Fincher kreierte in "Sieben" eines der dunkelsten Gesellschaftsbilder unserer Zeit. Die Großstadt ist bei ihm ein Moloch: dreckig, stinkig, gefährlich, laut. Es regnet die ganze Zeit. Die Menschen sind vereinsamt, desillusioniert, kaputt und leer. Fincher hielt der Gesellschaft den Spiegel vor. Und sie mußte hineinsehen. Das tat weh. 
Aber das war erst der Anfang. Die Mordserie, die der Film behandelt, ist vieles: Grausam, ekelerregend, unmenschlich, zynisch, bar jeder Beschreibung brutal. Aber gleichzeitig auch wahnsinnig kreativ, einfallsreich, faszinierend. Der Zuschauer befand sich in einem perversen Dilemma. Wollte man nach dem ersten Mord am liebsten vor Ekel das Kino verlassen, so wollte man am Ende unbedingt das Werk vollendet sehen. Fincher tat uns den Gefallen. Und brach die nächste Konvention. Hier gibt es kein Happy End. Am Ende ist eine Person zuviel tot.

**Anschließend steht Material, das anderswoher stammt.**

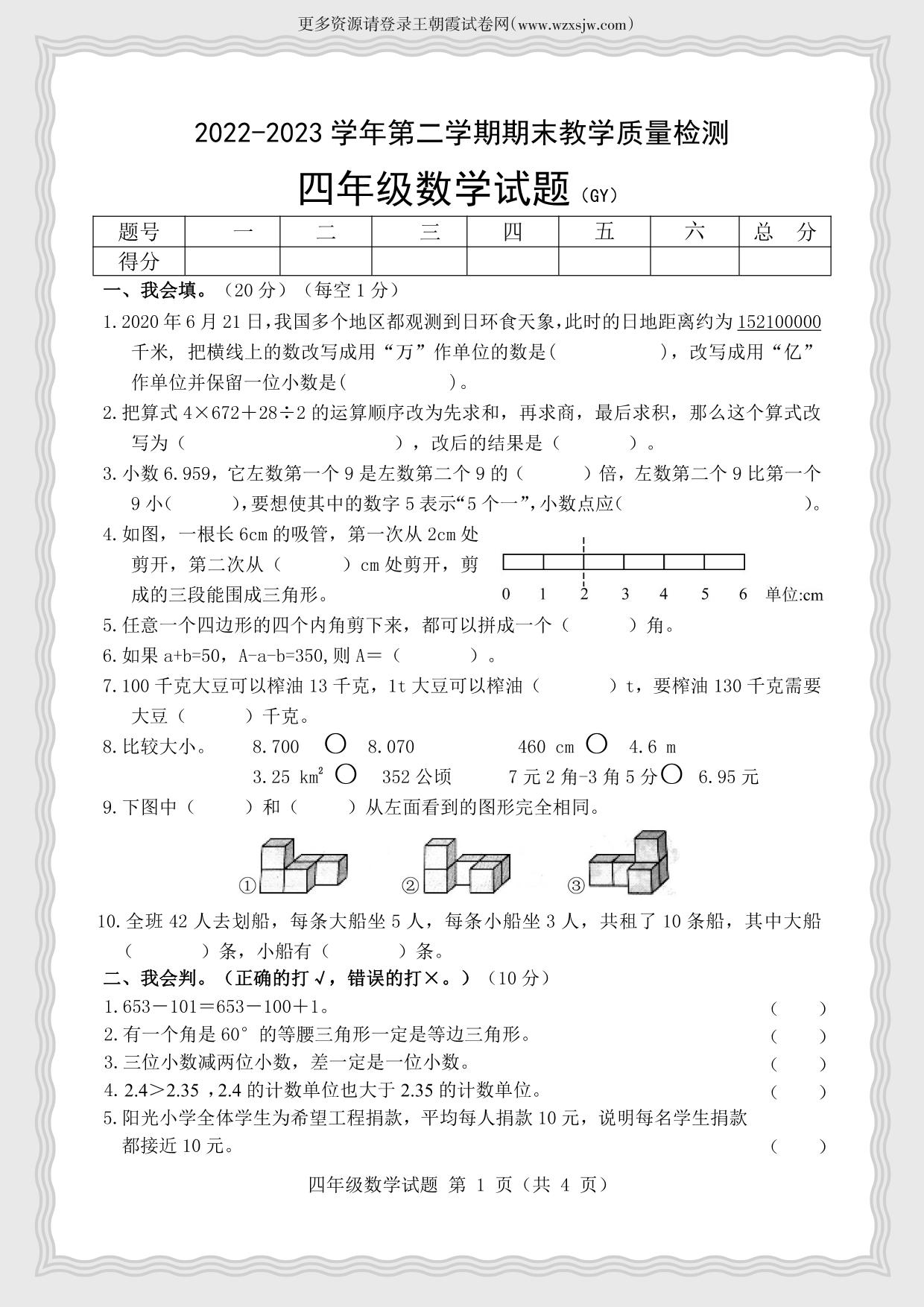 河北省保定市高阳县2022-2023学年第二学期期末教学质量检测试题四年级数学(人教版)

Neben der effektvollsten Story, die ein Thriller seit Ewigkeiten gesehen hat, bestach "Sieben" vor allem durch seinen modernen Stil. Enorme Schnittfrequenzen, wilde Einstellungen, atmosphärisch unübertreffliche Settings, und zum Schluß lief der Abspann in der falschen Richtung. Was David Fincher mit seinen früheren Arbeiten ("Alien 3" und diverse Musikvideos) bereits angekündigt hatte, kam hier voll zur Geltung: Er hatte einen eigenen, neuen, wilden und unfaßbar kreativen Stil. Mit "Sieben" legte einer der begnadetsten Regisseure der Neunziger seine Meisterprüfung ab. Und was das Thrillergenre betraf, so war danach nichts mehr wie zuvor. Ein neues Referenzwerk war da, und das mußte erstmal verdaut werden.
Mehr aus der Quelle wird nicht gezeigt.